Satori provides AI-powered text processing tools for summarization, grammar fixing, expansion, simplification, and more.

Overview

The text processing endpoint (/api/tenants/{tenant_id}/tools/text) provides:

  • Summarization: Condense long content into key points
  • Grammar/Spelling Fix: Correct errors and improve clarity
  • Expansion: Add detail and depth to brief text
  • Simplification: Make complex text more accessible
  • Improvement: Enhance overall writing quality

Note: For custom prompts and advanced text generation with context-awareness, see the Text Completions API.

Available Actions

1. Summarize

Condense text into a concise summary:

curl -X POST "__API_HOST__/api/tenants/{tenant_id}/tools/text" \
  -H "Authorization: Bearer <YOUR_JWT_TOKEN>" \
  -H "Content-Type: application/json" \
  -d '{
    "action": "summarize",
    "text": "Long document text here...",
    "use_knowledge_base": false,
    "use_general_knowledge": false,
    "enclave_id": "750e8400-e29b-41d4-a716-446655440000"
  }'

2. Fix

Correct spelling and grammatical errors:

curl -X POST "__API_HOST__/api/tenants/{tenant_id}/tools/text" \
  -H "Authorization: Bearer <YOUR_JWT_TOKEN>" \
  -H "Content-Type: application/json" \
  -d '{
    "action": "fix",
    "text": "Text with speling and grammer errors.",
    "use_knowledge_base": false,
    "use_general_knowledge": false,
    "enclave_id": "750e8400-e29b-41d4-a716-446655440000"
  }'

3. Expand

Add detail, context, and depth to brief text:

curl -X POST "__API_HOST__/api/tenants/{tenant_id}/tools/text" \
  -H "Authorization: Bearer <YOUR_JWT_TOKEN>" \
  -H "Content-Type: application/json" \
  -d '{
    "action": "expand",
    "text": "Short text that needs more detail.",
    "use_knowledge_base": true,
    "use_general_knowledge": false,
    "enclave_id": "750e8400-e29b-41d4-a716-446655440000"
  }'

4. Simplify

Make complex text more concise and easier to understand:

curl -X POST "__API_HOST__/api/tenants/{tenant_id}/tools/text" \
  -H "Authorization: Bearer <YOUR_JWT_TOKEN>" \
  -H "Content-Type: application/json" \
  -d '{
    "action": "simplify",
    "text": "Complex technical explanation...",
    "use_knowledge_base": false,
    "use_general_knowledge": false,
    "enclave_id": "750e8400-e29b-41d4-a716-446655440000"
  }'

5. Improve

Enhance overall writing quality, tone, and clarity:

curl -X POST "__API_HOST__/api/tenants/{tenant_id}/tools/text" \
  -H "Authorization: Bearer <YOUR_JWT_TOKEN>" \
  -H "Content-Type: application/json" \
  -d '{
    "action": "improve",
    "text": "Text to be enhanced...",
    "use_knowledge_base": false,
    "use_general_knowledge": false,
    "enclave_id": "750e8400-e29b-41d4-a716-446655440000"
  }'

Migration to Text Completions API

The action: "prompt" parameter has been removed from the /tools/text endpoint.
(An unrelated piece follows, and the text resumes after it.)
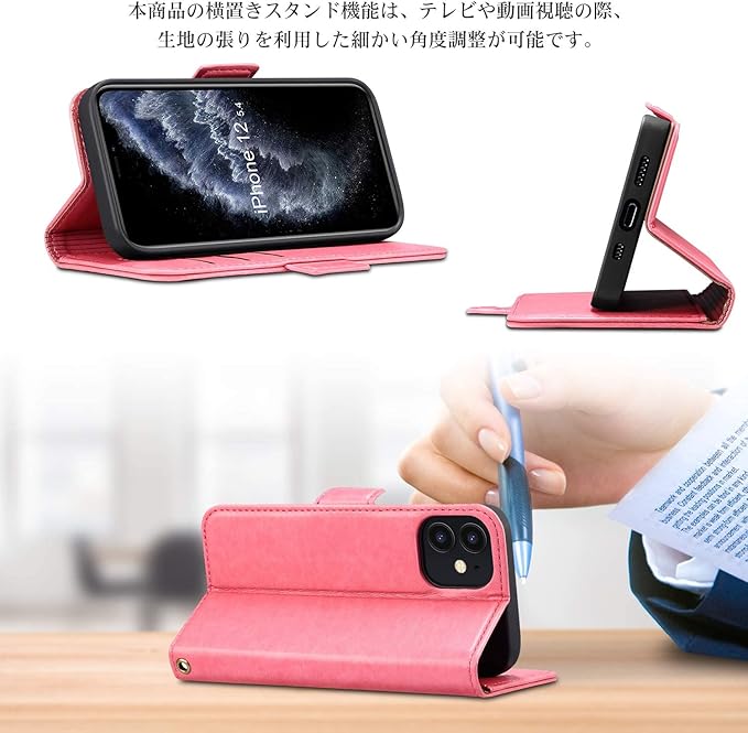 使い勝手抜群のiphone 12 mini手帳型ケース、手帳型カバーの機能が搭載して、内側には三つのカード入れとフリーポケットがつき、カードや定期券の収納に優れていて、横置きにしてスタンドになり、動画視聴がすごく便利なスマホケースです。
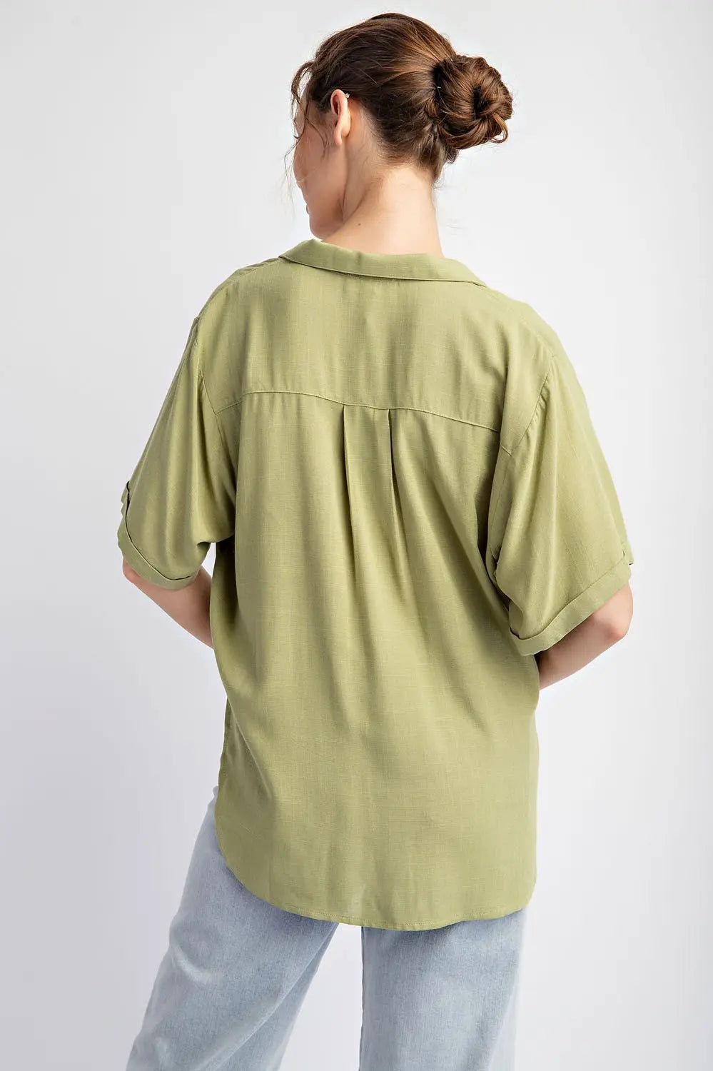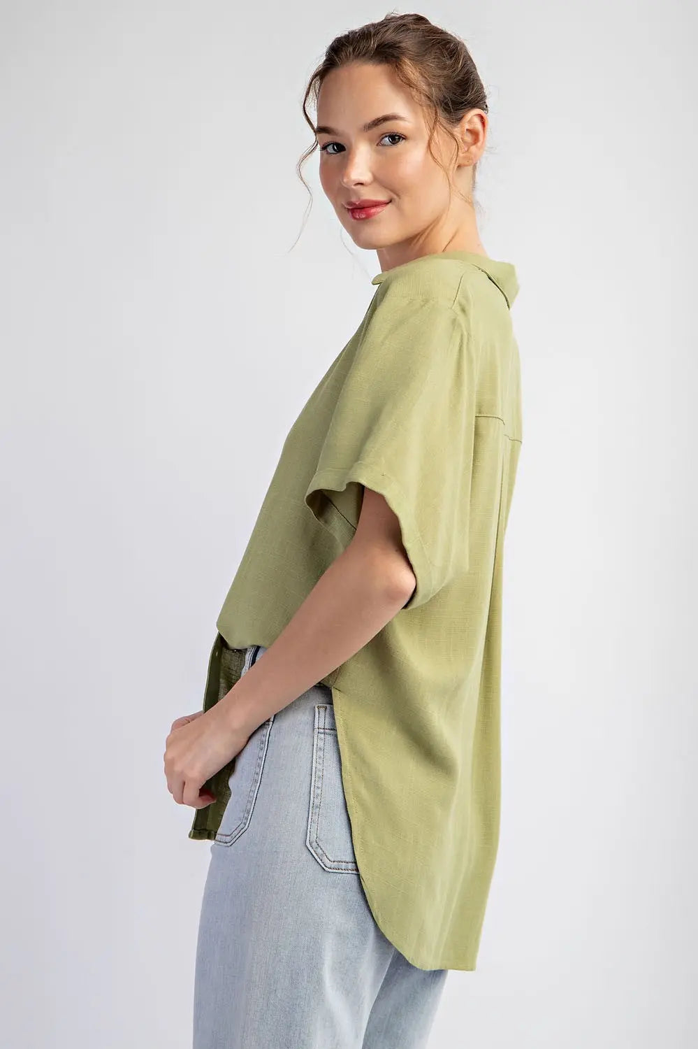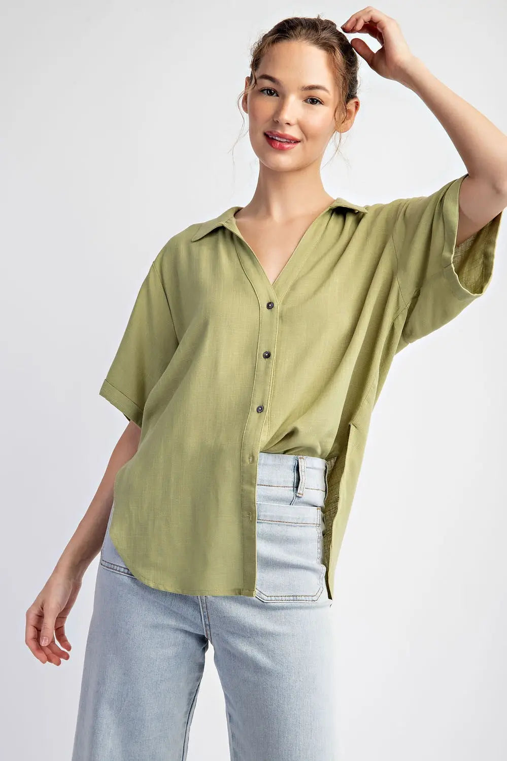 Effortless elegance meets everyday comfort in this breezy V-neck button-down blouse. Crafted from lightweight rayon, it features a crisp collar, front button closure, and a clever back pleat that adds dimension without fuss. The rounded hem creates subtle side slits for easy movement—perfect for layering or wearing solo. A versatile wardrobe staple that transitions seamlessly from casual to polished.

For custom prompts and advanced text generation features, migrate to the new Text Completions API:

Old (Deprecated):

curl -X POST "/api/tenants/{tenant_id}/tools/text" \
  -d '{
    "action": "prompt",
    "text": "Text to process",
    "prompt": "Translate this to Spanish",
    ...
  }'

New (Recommended):

curl -X POST "/api/tenants/{tid}/enclaves/{eid}/tools/text/completions/stream" \
  -d '{
    "prompt": "Translate this to Spanish",
    "context": {
      "highlightText": "Text to process"
    }
  }'

The new API provides: - Rich context parameters (ai_instructions, doc_context, highlight_text, placement_template) - Tool integration (knowledge_base, web_search) - Streaming and structured response modes - Better control over AI behavior

See the Text Completions API Guide for complete documentation.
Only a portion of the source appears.